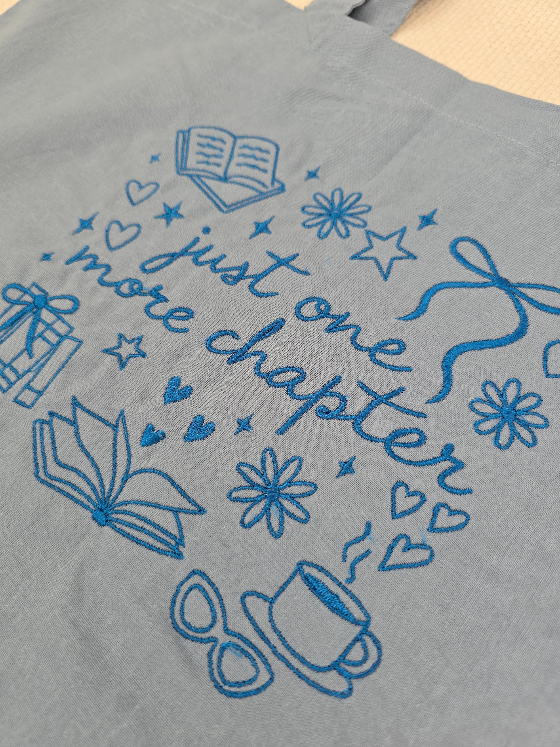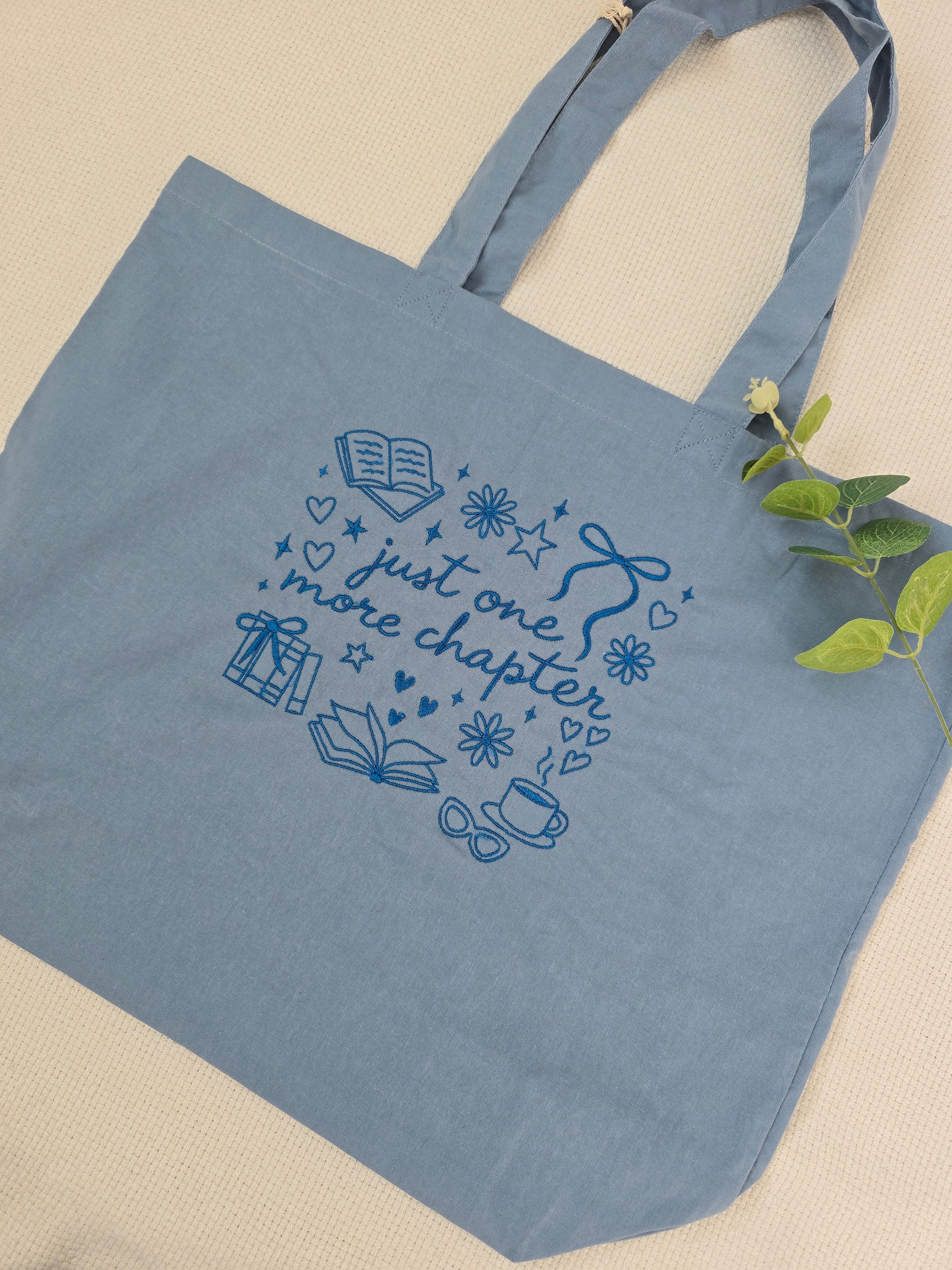 “Just One More Chapter” Limited Edition Embroidered Tote Bag - Dusky Blue
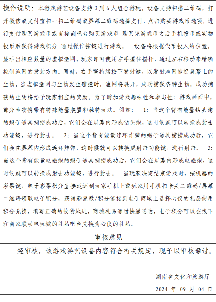 游戏游艺设备内容核准单-批准文号:湘游艺审〔2024〕114号
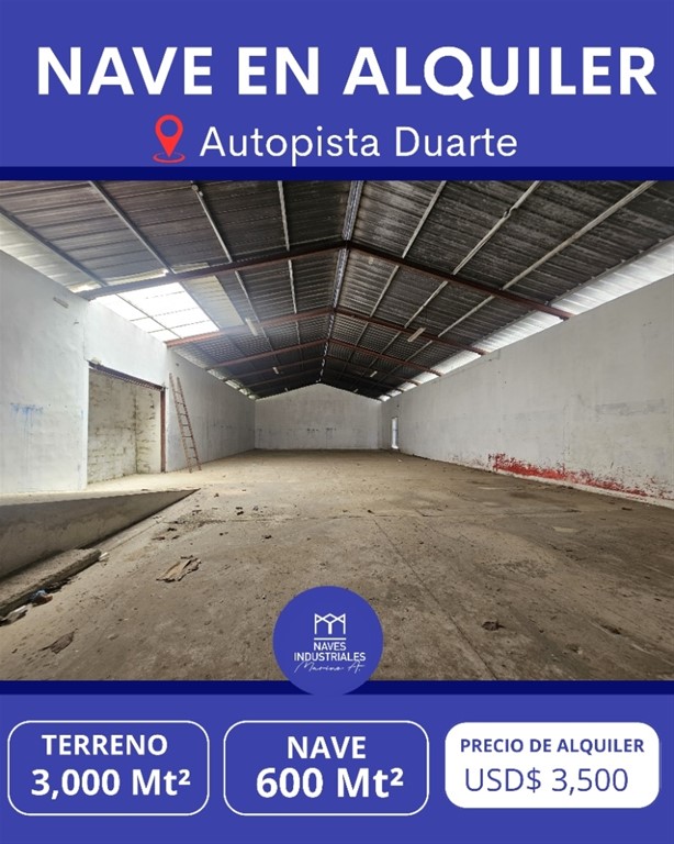 NAVE INDUSTRIAL EN ALQUILER Autopista Duarte – Con 3 accesos a vías principales 3,000 mts² de Terreno 600 mts² de Construcción Precio de Alquiler: USD$ 3,500 Amenidades: Verja de Seguridad Doble Altura Oficinas Kitchennete 3 Baños Cuarto Frío Cuarto de Seguridad Área de Almacén Cuarto de Planta Cisterna de 50,000 galones Pozos Amplio Parqueo Luz y Agua 24/7 Todos los Servicios También tenemos otras opciones en la zona con diversos metrajes y precios. Naves Industriales Marino A. 829-838-8000 13 años de experiencia en el ámbito Comercial e Industrial Ofrecemos una amplia variedad de naves y solares en distintas ubicaciones.
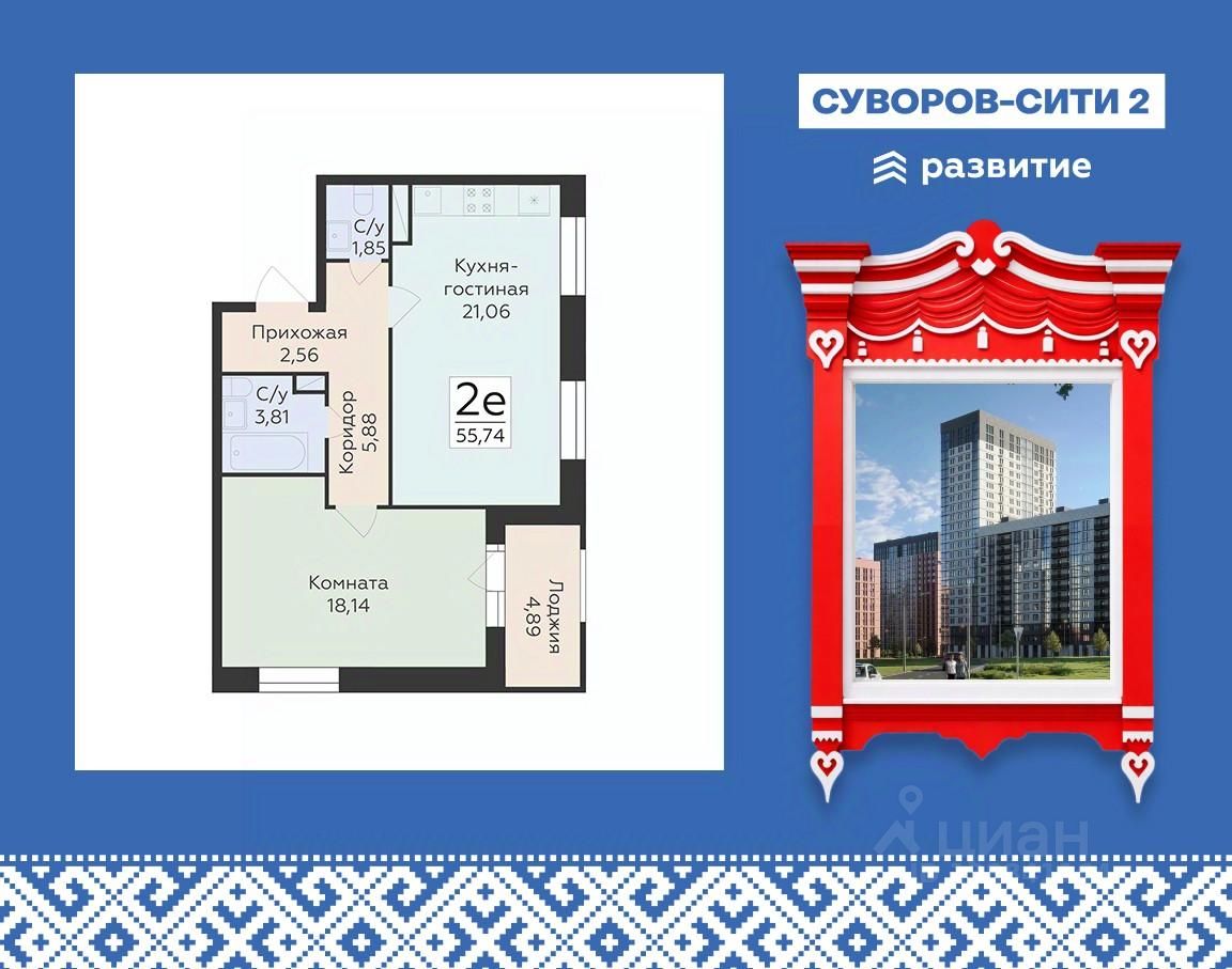 Продается 2-комнатная квартира 55,74 кв.м. на 6 этаже. Жилой комплекс "Суворов Сити II" — продолжение современного масштабного проекта "Суворов Сити", находящегося в спальном районе в четырех километрах от центра города. Проект сочетает удачное расположение с удобными планировками, актуальным дизайном и приватным двором.
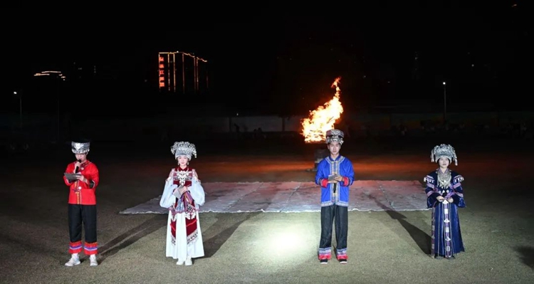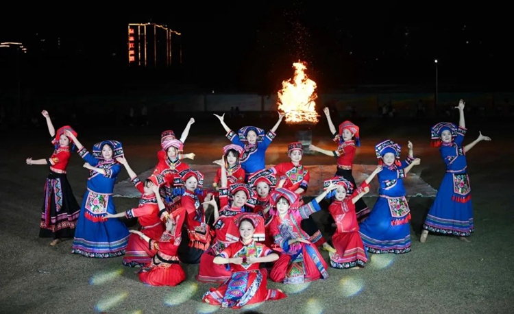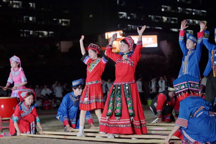 本次篝火晚會(huì)精心編排多個(gè)精彩節(jié)目,涵蓋山歌串燒、民族舞蹈、非遺表演等多種形式。從 “山歌繞梁·余韻未歇” 的悠揚(yáng)歌聲,到 “三月春風(fēng)拂人間·民族文化永傳承” 的多彩演繹,再到 “火焰不息·狂歡不止” 的熱烈氛圍,將全方位呈現(xiàn)民族文化魅力,為師生們帶來一場令人驚艷的視聽盛宴。
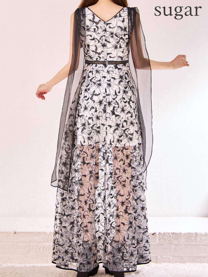 シースルー素材に花柄刺繍が軽やかな印象のフレアロングドレス♡
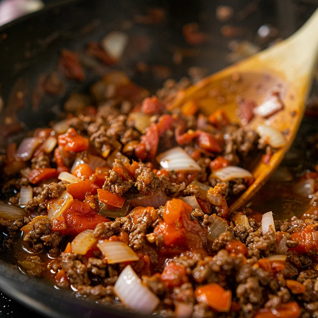 While the pasta is cooking, heat olive oil in a large skillet over medium heat. Add the chopped onion and sauté for 3–4 minutes until softened. Add the garlic and cook for 30 seconds more. Add the ground beef or sausage, breaking it up as it cooks. Once browned, drain the fat, then stir in the marinara sauce, salt, pepper, and Italian seasoning. Let it simmer for 5–7 minutes to allow the flavors to meld.
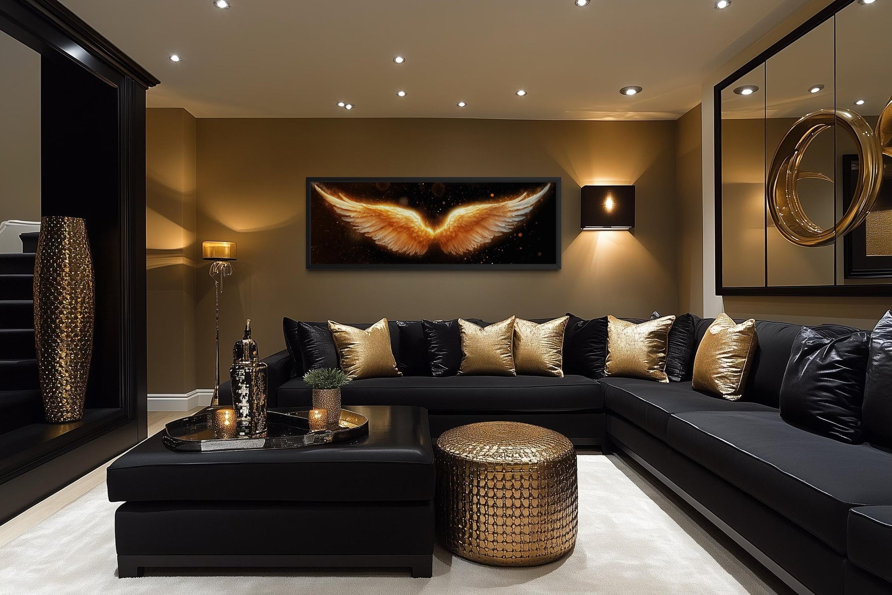 Created for interiors that embrace drama and refinement, this Golden Angel Wings wall decor is especially suited for a black and gold luxury bedroom where layered textiles, upholstered headboards, and ambient lighting enhance its glowing presence. Positioned above a bed, the wings naturally frame the sleeping area and create a visual headboard effect that feels both protective and indulgent, turning the space into a boutique-hotel inspired retreat. The horizontal format works beautifully with wide furniture and low silhouettes, reinforcing the sense of openness and symmetry that defines modern glam design. In a dedicated luxury bedroom setting the artwork pairs effortlessly with velvet cushions, mirrored nightstands, warm metallic accents, and soft neutral bedding, allowing the gold tones to echo throughout the space. The spiritual symbolism of wings adds an emotional dimension that makes the room feel personal and serene while still maintaining a bold visual identity. Because of its scale and strong contrast, the piece thrives in interiors that use dark palettes and controlled lighting rather than bright casual spaces. The presence of the glowing form against black introduces a cinematic atmosphere that transforms evening lighting into part of the décor experience. This is not a piece for eclectic multi-color rooms but for carefully curated environments where every element contributes to a cohesive and luxurious mood. The modern yet timeless aesthetic also makes it ideal for master bedrooms designed around symmetry and statement décor rather than minimal or rustic themes. The final effect is a space that feels intimate, elevated, and visually unforgettable, anchored by Golden Angel Wings canvas wall art.
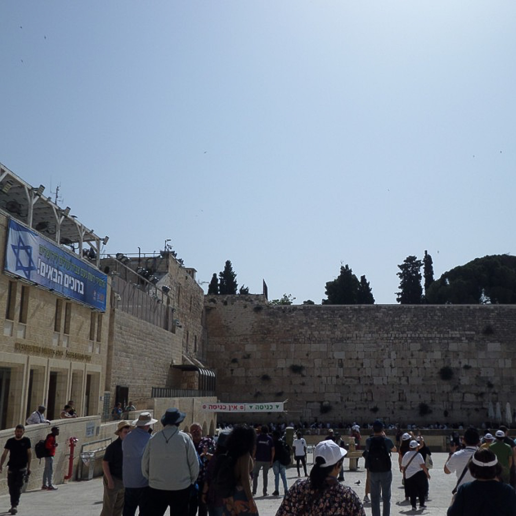 The section of the Western Wall, also known as the Wailing Wall, near the entrance to the Western Wall tunnels.
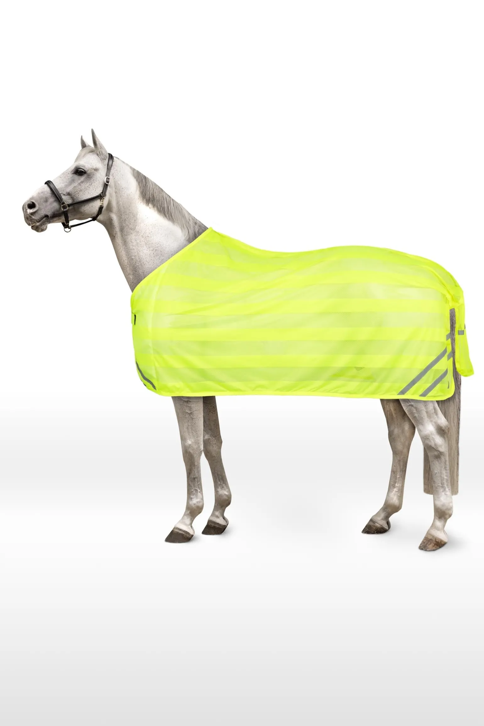 Diese Decke ist aus Netzmaterial hergestellt und vorne und hinten mit reflektierendem Band versehen, um sicherzustellen, dass dein Pferd im Dunkeln und im Straßenverkehr gesehen wird. Ein Klettverschluss mit T-Schnalle hält sie an ihrem Platz und verhindert Verrutschen. So bleibt dein Pferd sicher und sichtbar.
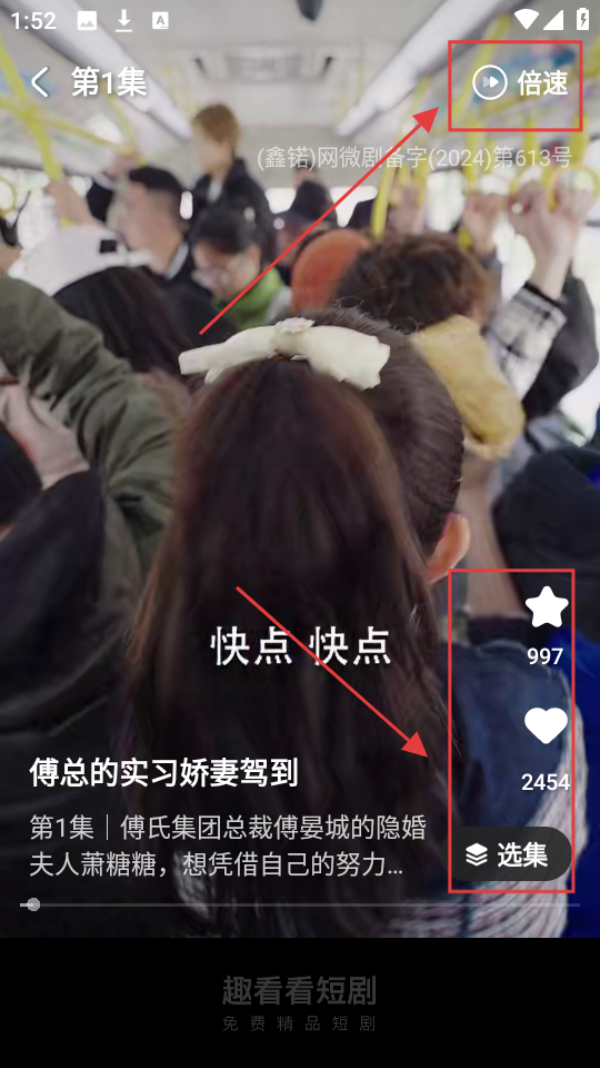 2、进入短剧播放页面,可点击【倍速】调整播放速度,还能点赞、收藏、选集哦。

········

• BRIEF: Reproduce the entire listing exactly, but omit any pictures.

• SOLUTION:
 “Just One More Chapter” Limited Edition Embroidered Tote Bag - Dusky Blue
 游戏游艺设备内容核准单-批准文号:湘游艺审〔2024〕114号
 NAVE INDUSTRIAL EN ALQUILER Autopista Duarte – Con 3 accesos a vías principales 3,000 mts² de Terreno 600 mts² de Construcción Precio de Alquiler: USD$ 3,500 Amenidades: Verja de Seguridad Doble Altura Oficinas Kitchennete 3 Baños Cuarto Frío Cuarto de Seguridad Área de Almacén Cuarto de Planta Cisterna de 50,000 galones Pozos Amplio Parqueo Luz y Agua 24/7 Todos los Servicios También tenemos otras opciones en la zona con diversos metrajes y precios. Naves Industriales Marino A. 829-838-8000 13 años de experiencia en el ámbito Comercial e Industrial Ofrecemos una amplia variedad de naves y solares en distintas ubicaciones.
 Продается 2-комнатная квартира 55,74 кв.м. на 6 этаже. Жилой комплекс "Суворов Сити II" — продолжение современного масштабного проекта "Суворов Сити", находящегося в спальном районе в четырех километрах от центра города. Проект сочетает удачное расположение с удобными планировками, актуальным дизайном и приватным двором.
 本次篝火晚會(huì)精心編排多個(gè)精彩節(jié)目,涵蓋山歌串燒、民族舞蹈、非遺表演等多種形式。從 “山歌繞梁·余韻未歇” 的悠揚(yáng)歌聲,到 “三月春風(fēng)拂人間·民族文化永傳承” 的多彩演繹,再到 “火焰不息·狂歡不止” 的熱烈氛圍,將全方位呈現(xiàn)民族文化魅力,為師生們帶來一場令人驚艷的視聽盛宴。
 シースルー素材に花柄刺繍が軽やかな印象のフレアロングドレス♡
 While the pasta is cooking, heat olive oil in a large skillet over medium heat. Add the chopped onion and sauté for 3–4 minutes until softened. Add the garlic and cook for 30 seconds more. Add the ground beef or sausage, breaking it up as it cooks. Once browned, drain the fat, then stir in the marinara sauce, salt, pepper, and Italian seasoning. Let it simmer for 5–7 minutes to allow the flavors to meld.
 Created for interiors that embrace drama and refinement, this Golden Angel Wings wall decor is especially suited for a black and gold luxury bedroom where layered textiles, upholstered headboards, and ambient lighting enhance its glowing presence. Positioned above a bed, the wings naturally frame the sleeping area and create a visual headboard effect that feels both protective and indulgent, turning the space into a boutique-hotel inspired retreat. The horizontal format works beautifully with wide furniture and low silhouettes, reinforcing the sense of openness and symmetry that defines modern glam design. In a dedicated luxury bedroom setting the artwork pairs effortlessly with velvet cushions, mirrored nightstands, warm metallic accents, and soft neutral bedding, allowing the gold tones to echo throughout the space. The spiritual symbolism of wings adds an emotional dimension that makes the room feel personal and serene while still maintaining a bold visual identity. Because of its scale and strong contrast, the piece thrives in interiors that use dark palettes and controlled lighting rather than bright casual spaces. The presence of the glowing form against black introduces a cinematic atmosphere that transforms evening lighting into part of the décor experience. This is not a piece for eclectic multi-color rooms but for carefully curated environments where every element contributes to a cohesive and luxurious mood. The modern yet timeless aesthetic also makes it ideal for master bedrooms designed around symmetry and statement décor rather than minimal or rustic themes. The final effect is a space that feels intimate, elevated, and visually unforgettable, anchored by Golden Angel Wings canvas wall art.
 The section of the Western Wall, also known as the Wailing Wall, near the entrance to the Western Wall tunnels.
 Diese Decke ist aus Netzmaterial hergestellt und vorne und hinten mit reflektierendem Band versehen, um sicherzustellen, dass dein Pferd im Dunkeln und im Straßenverkehr gesehen wird. Ein Klettverschluss mit T-Schnalle hält sie an ihrem Platz und verhindert Verrutschen. So bleibt dein Pferd sicher und sichtbar.
 2、进入短剧播放页面,可点击【倍速】调整播放速度,还能点赞、收藏、选集哦。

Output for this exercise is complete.